Records from a data collection
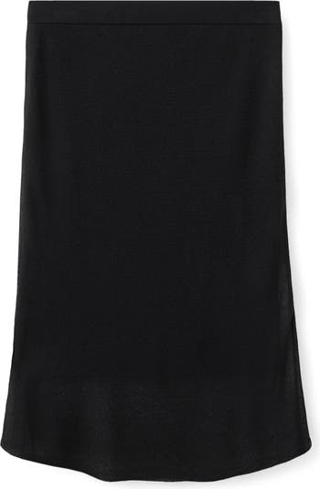 Ribbed in a fine gauge and topped with a comfy concealed elastic waist, this knit skirt will be a favorite staple.
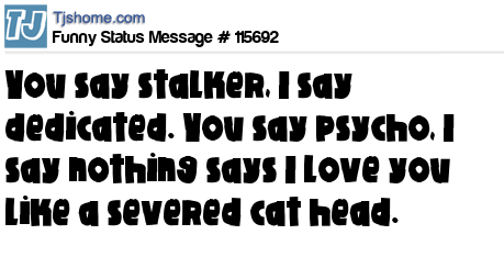 X says You say stalker, I say dedicated. You say psycho, I say nothing says I love you like a severed cat head.
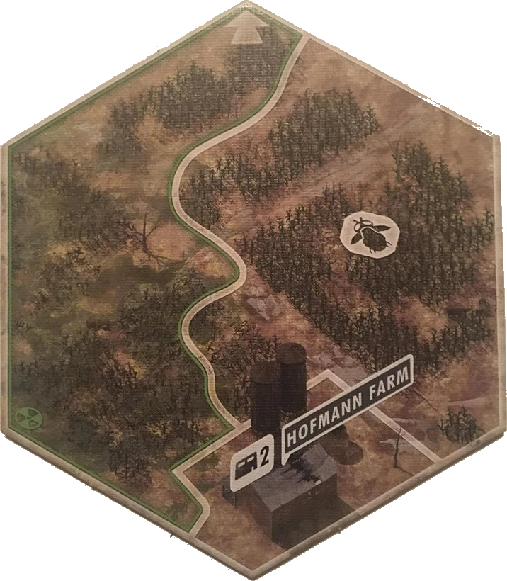 The Hofmann Farm tile has three spaces within it. The western space is radioactive, the eastern space spawns critters, and the southern space holds the level two settlement.
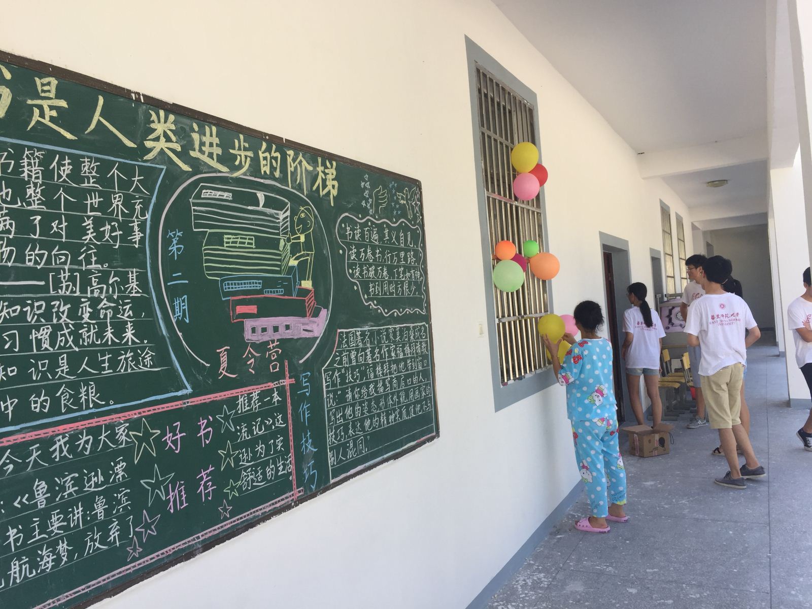 志愿者与孩子们一起将结营仪式的会场布置得五彩斑斓
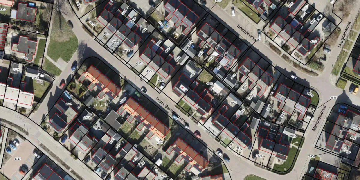 Het perceel waarop Prins Bernhardstraat 38 staat heeft een oppervlakte van 272 m². Dit is een middelgroot perceel. De perceeloppervlakte wordt geregistreerd door het Kadaster. Gedetailleerde informatie over de maten van dit perceel kunt u vinden in het rapport Kadastrale kaart met maatvoering van Prins Bernhardstraat 38.
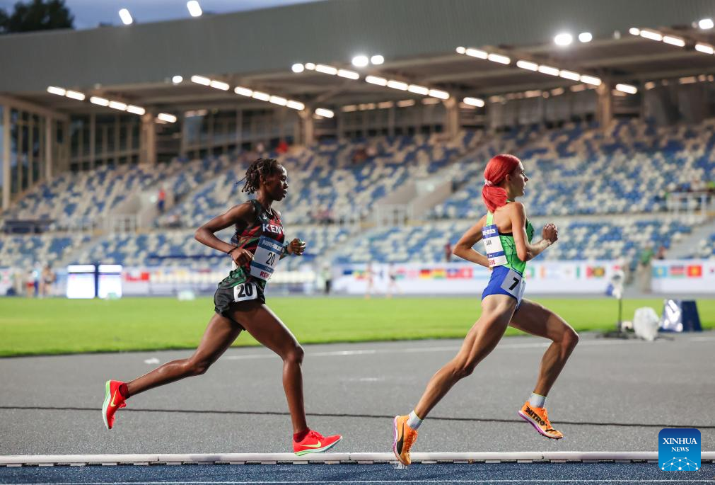 (250722) -- BOCHUM, July 22, 2025 (Xinhua) -- Klara Lukan (R) of Slovenia and Sarah Wanjiru Njeri of Kenya compete during the women's 10000m final at the Rhine-Ruhr 2025 FISU World University Games in Bochum, Germany, July 21, 2025. (Xinhua/Zhang Fan)
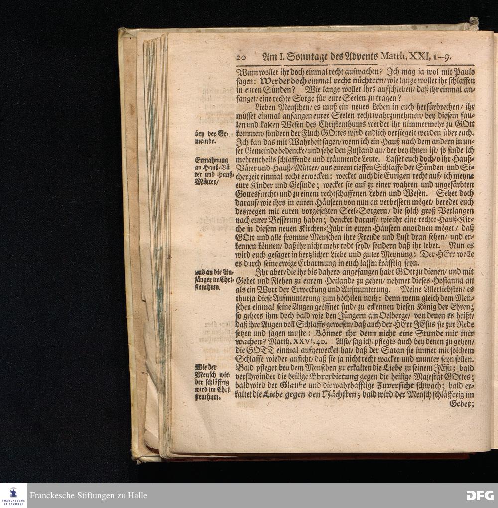 August Hermann Franckens S.Theol.Prof.und Past. Sonn= Fest= und Apostel=Tags=Predigten / Darinnen Die zum wahren Christenthum gehörige nöthigste und vornehmste Materien abgehandelt sind; Nunmehro von neuen wieder durchgesehen / und verbessert / Nebst den darzu nützlichen Registern. Die dritte Edition. HALLE / gedruckt und verlegt im Wäysenhause / MDCCIX. Mit Königl.Preuß.und Churfl.Brandenb.Privil.
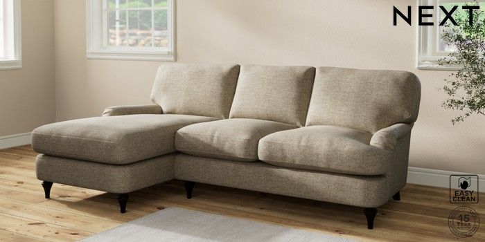 6.12.1 Buy Sadie Deep Relaxed Sit Medium Sofa Chaise - Left Hand Woven Chenille Easy Clean Mid Natural High Slim Turned - Dark from the Next UK online shop Click here to use our accessible website
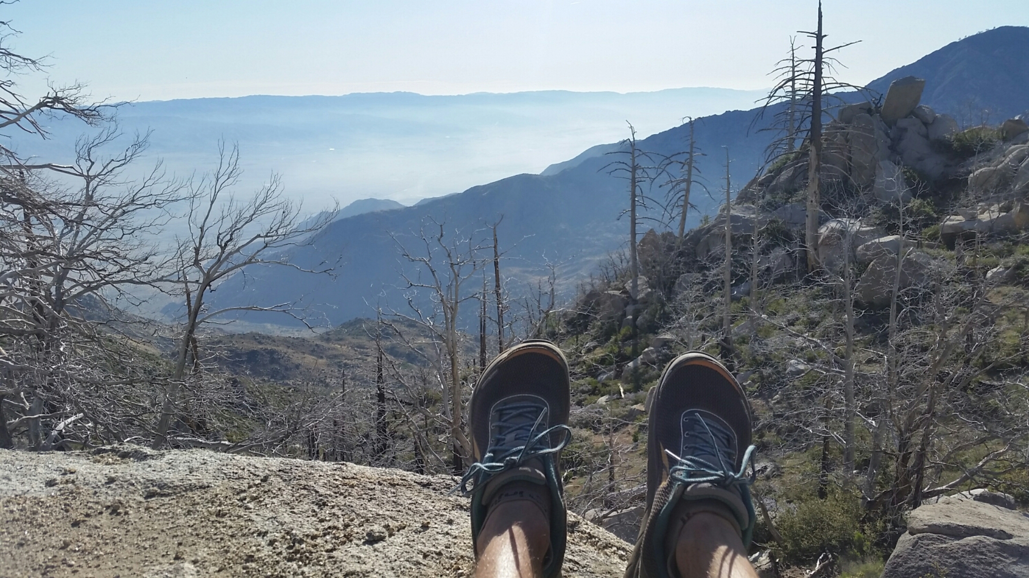 I’ll lose something around 9000 ft of elevation between yesterday afternoon and today, when I reach the desert floor. 9000 ft over the course of roughly 20 miles. Luckily I bought athletic tape in Idyllwild which seems to be the answer for my hurting foot.
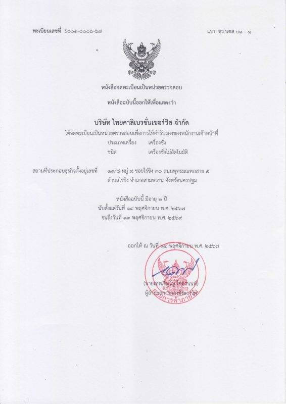 ได้รับการขึ้นทะเบียนเป็นหน่วยตรวจสอบ เพื่อการให้คำรับรองพนักงานเจ้าหน้าที่ ประเภท เครื่องชั่ง ชนิด เครื่องชั่งไม่อัตโนมัติ (เครื่องชั่งรถยนต์)
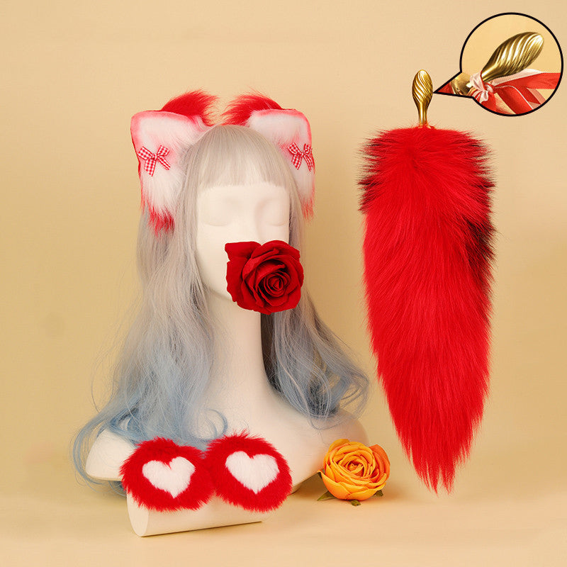 Color classification: enchanting fire foxtail + fox ear headband + sexy nipple stickers (rose anal plug) enchanting fire foxtail + fox ear headband + sexy nipple stickers (threaded anal plug)
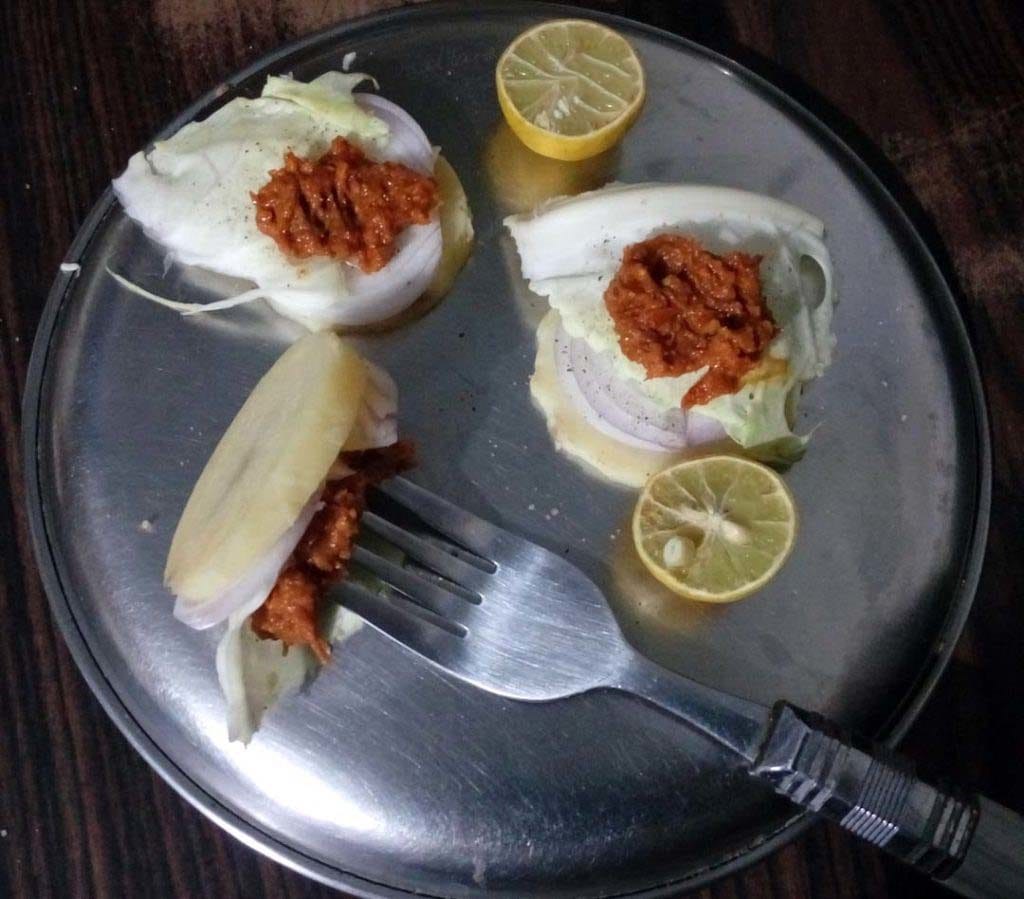 6. Place onions above potatoes and top with grated cabbage pieces.
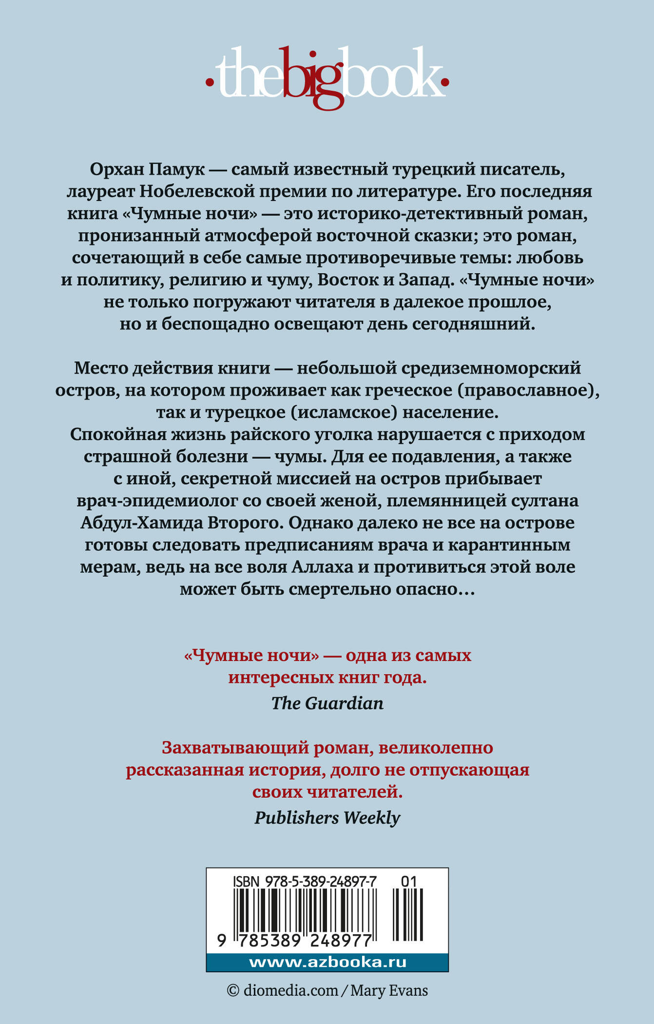 Орхан Памук - самый известный турецкий писатель, лауреат Нобелевской премии по литературе. Его последняя книга "Чумные ночи" - это историко-детективный роман, пронизанный атмосферой восточной сказки; это роман, сочетающий в себе самые противоречивые темы: любовь и политику, религию и чуму, Восток и Запад. "Чумные ночи" не только погружают читателя в далекое прошлое, но и беспощадно освещают день сегодняшний. Место действия книги - небольшой средиземноморский остров, на котором проживает как греческое (православное), так и турецкое (исламское) население. Спокойная жизнь райского уголка нарушается с приходом страшной болезни - чумы. Для ее подавления, а также с иной, секретной миссией на остров прибывает врач-эпидемиолог со своей женой, племянницей султана Абдул-Хамида Второго. Однако далеко не все на острове готовы следовать предписаниям врача и карантинным мерам, ведь на все воля Аллаха и противиться этой воле может быть смертельно опасно…| Издательство | Азбука-Аттикус Издат.группа ООО |
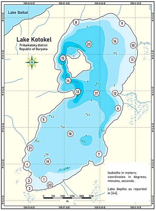 Field studies were carried out from 2015 to 2024 to analyze the hydrochemical parameters of Lake Kotokel. Water samples were collected at locations identified based on bathymetric survey data (covering sites with varying depths) and areas near potential pollution sources, such as settlements and tourist facilities. The sampling points, indicated on the bathymetric map [43], are presented in Figure 2. Samples were collected four times annually, corresponding to different seasons: during the ice-covered period (late February to early March), spring (May), summer (July), and autumn (late September to early October). Between July 2015 and 2021, water sampling was limited to points 2 and 8. In 2022–2023, additional samples were collected at points 10, 15, 16, and 19. By 2024, sampling had expanded to all points indicated on the map, encompassing 22 stations.
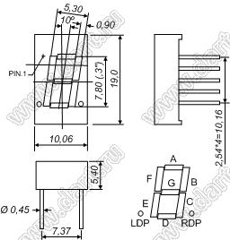 Каталог > Оптоэлектроника и индикация > Индикаторы светодиодные (сегментные дисплеи, матрицы, шкалы, светящиеся поля) > Цифровые и цифро-буквенные cветодиодные сегментные индикаторы (дисплеи) > 1 разрядные сегментные индикаторы > 1-разр. 0.3 дюйм. 7-сегм. 3101 серия > BJ3101AH
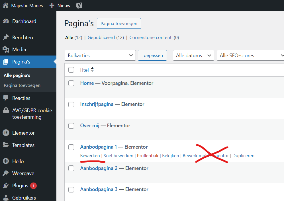 2. Houd je muis op de pagina die je wil verbergen en klik op Bewerken (klik niet op Bewerken met Elementor)
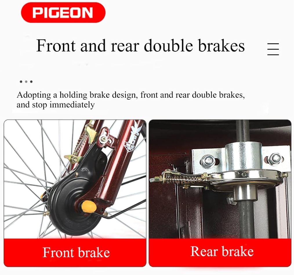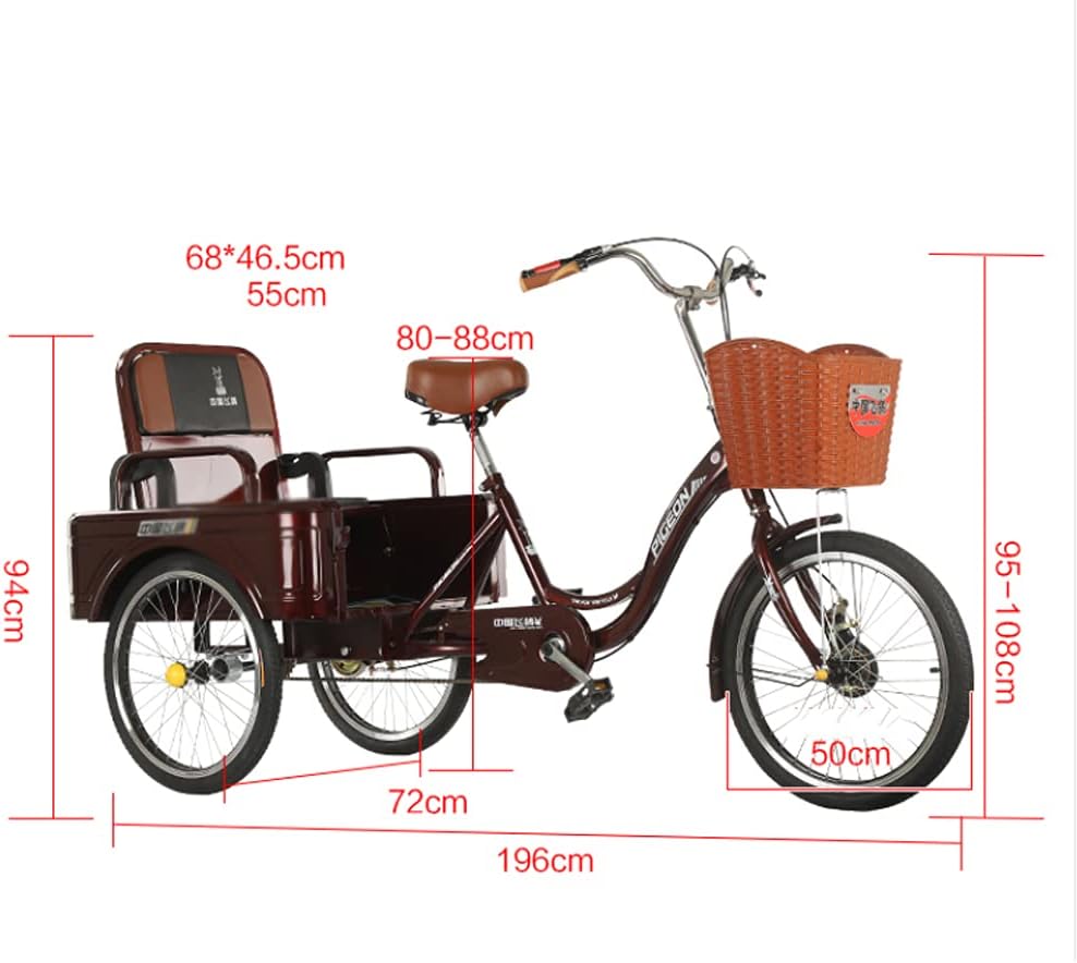 This tricycle will be a practical tool in your daily life. It can be used for entertainment, shopping or exercise. You no longer need to worry about riding while you have nowhere to carry your belongings. You can ride safely and comfortably on town streets, beaches or bike lanes; Features:The tires are non - slip and wear - resistant and have a long service life.The all - enclosed sealed chain cover prevents foreign objects from getting involved, and does not roll the trouser legs to eliminate potential safety hazards.It adopts the design of holding brake, and the front and rear double brakes can stop immediately.Adjustable handlebar provides a stable and balanced ride, upgraded bike saddle/seat is wider and adjustable; both front and rear fenders.The low step - through steel frame allows for easy access for elderly or children with max load weight of 350 pounds.Specification:Name: Elderly TricycleChain: Steel chainFrame: High carbon steel frameRim: 20 - inch aluminum alloy thickened rimHandlebar: Electroplated carbon steel handlebarSaddle: Thick and comfortable saddleBrake: special brake for tricycle with built - in bearingFork: High carbon steel forkFlywheel: 18T (teeth)Crankset: 32T CranksetPedals: high wear - resistant non - slip pedalsFront hub: High carbon steel hubRear hub: high - carbon steel hub with built - in bearingPackage includes1 x 3 Wheels Bike

Activity
Reproduce all of the records above exactly, but exclude the pictures.

Solution for this problem
 Ribbed in a fine gauge and topped with a comfy concealed elastic waist, this knit skirt will be a favorite staple.
 X says You say stalker, I say dedicated. You say psycho, I say nothing says I love you like a severed cat head.
 The Hofmann Farm tile has three spaces within it. The western space is radioactive, the eastern space spawns critters, and the southern space holds the level two settlement.
 志愿者与孩子们一起将结营仪式的会场布置得五彩斑斓
 Het perceel waarop Prins Bernhardstraat 38 staat heeft een oppervlakte van 272 m². Dit is een middelgroot perceel. De perceeloppervlakte wordt geregistreerd door het Kadaster. Gedetailleerde informatie over de maten van dit perceel kunt u vinden in het rapport Kadastrale kaart met maatvoering van Prins Bernhardstraat 38.
 (250722) -- BOCHUM, July 22, 2025 (Xinhua) -- Klara Lukan (R) of Slovenia and Sarah Wanjiru Njeri of Kenya compete during the women's 10000m final at the Rhine-Ruhr 2025 FISU World University Games in Bochum, Germany, July 21, 2025. (Xinhua/Zhang Fan)
 August Hermann Franckens S.Theol.Prof.und Past. Sonn= Fest= und Apostel=Tags=Predigten / Darinnen Die zum wahren Christenthum gehörige nöthigste und vornehmste Materien abgehandelt sind; Nunmehro von neuen wieder durchgesehen / und verbessert / Nebst den darzu nützlichen Registern. Die dritte Edition. HALLE / gedruckt und verlegt im Wäysenhause / MDCCIX. Mit Königl.Preuß.und Churfl.Brandenb.Privil.
 6.12.1 Buy Sadie Deep Relaxed Sit Medium Sofa Chaise - Left Hand Woven Chenille Easy Clean Mid Natural High Slim Turned - Dark from the Next UK online shop Click here to use our accessible website
 I’ll lose something around 9000 ft of elevation between yesterday afternoon and today, when I reach the desert floor. 9000 ft over the course of roughly 20 miles. Luckily I bought athletic tape in Idyllwild which seems to be the answer for my hurting foot.
 ได้รับการขึ้นทะเบียนเป็นหน่วยตรวจสอบ เพื่อการให้คำรับรองพนักงานเจ้าหน้าที่ ประเภท เครื่องชั่ง ชนิด เครื่องชั่งไม่อัตโนมัติ (เครื่องชั่งรถยนต์)
 Color classification: enchanting fire foxtail + fox ear headband + sexy nipple stickers (rose anal plug) enchanting fire foxtail + fox ear headband + sexy nipple stickers (threaded anal plug)
 6. Place onions above potatoes and top with grated cabbage pieces.
 Орхан Памук - самый известный турецкий писатель, лауреат Нобелевской премии по литературе. Его последняя книга "Чумные ночи" - это историко-детективный роман, пронизанный атмосферой восточной сказки; это роман, сочетающий в себе самые противоречивые темы: любовь и политику, религию и чуму, Восток и Запад. "Чумные ночи" не только погружают читателя в далекое прошлое, но и беспощадно освещают день сегодняшний. Место действия книги - небольшой средиземноморский остров, на котором проживает как греческое (православное), так и турецкое (исламское) население. Спокойная жизнь райского уголка нарушается с приходом страшной болезни - чумы. Для ее подавления, а также с иной, секретной миссией на остров прибывает врач-эпидемиолог со своей женой, племянницей султана Абдул-Хамида Второго. Однако далеко не все на острове готовы следовать предписаниям врача и карантинным мерам, ведь на все воля Аллаха и противиться этой воле может быть смертельно опасно…| Издательство | Азбука-Аттикус Издат.группа ООО |
 Field studies were carried out from 2015 to 2024 to analyze the hydrochemical parameters of Lake Kotokel. Water samples were collected at locations identified based on bathymetric survey data (covering sites with varying depths) and areas near potential pollution sources, such as settlements and tourist facilities. The sampling points, indicated on the bathymetric map [43], are presented in Figure 2. Samples were collected four times annually, corresponding to different seasons: during the ice-covered period (late February to early March), spring (May), summer (July), and autumn (late September to early October). Between July 2015 and 2021, water sampling was limited to points 2 and 8. In 2022–2023, additional samples were collected at points 10, 15, 16, and 19. By 2024, sampling had expanded to all points indicated on the map, encompassing 22 stations.
 Каталог > Оптоэлектроника и индикация > Индикаторы светодиодные (сегментные дисплеи, матрицы, шкалы, светящиеся поля) > Цифровые и цифро-буквенные cветодиодные сегментные индикаторы (дисплеи) > 1 разрядные сегментные индикаторы > 1-разр. 0.3 дюйм. 7-сегм. 3101 серия > BJ3101AH
 2. Houd je muis op de pagina die je wil verbergen en klik op Bewerken (klik niet op Bewerken met Elementor)
 This tricycle will be a practical tool in your daily life. It can be used for entertainment, shopping or exercise. You no longer need to worry about riding while you have nowhere to carry your belongings. You can ride safely and comfortably on town streets, beaches or bike lanes; Features:The tires are non - slip and wear - resistant and have a long service life.The all - enclosed sealed chain cover prevents foreign objects from getting involved, and does not roll the trouser legs to eliminate potential safety hazards.It adopts the design of holding brake, and the front and rear double brakes can stop immediately.Adjustable handlebar provides a stable and balanced ride, upgraded bike saddle/seat is wider and adjustable; both front and rear fenders.The low step - through steel frame allows for easy access for elderly or children with max load weight of 350 pounds.Specification:Name: Elderly TricycleChain: Steel chainFrame: High carbon steel frameRim: 20 - inch aluminum alloy thickened rimHandlebar: Electroplated carbon steel handlebarSaddle: Thick and comfortable saddleBrake: special brake for tricycle with built - in bearingFork: High carbon steel forkFlywheel: 18T (teeth)Crankset: 32T CranksetPedals: high wear - resistant non - slip pedalsFront hub: High carbon steel hubRear hub: high - carbon steel hub with built - in bearingPackage includes1 x 3 Wheels Bike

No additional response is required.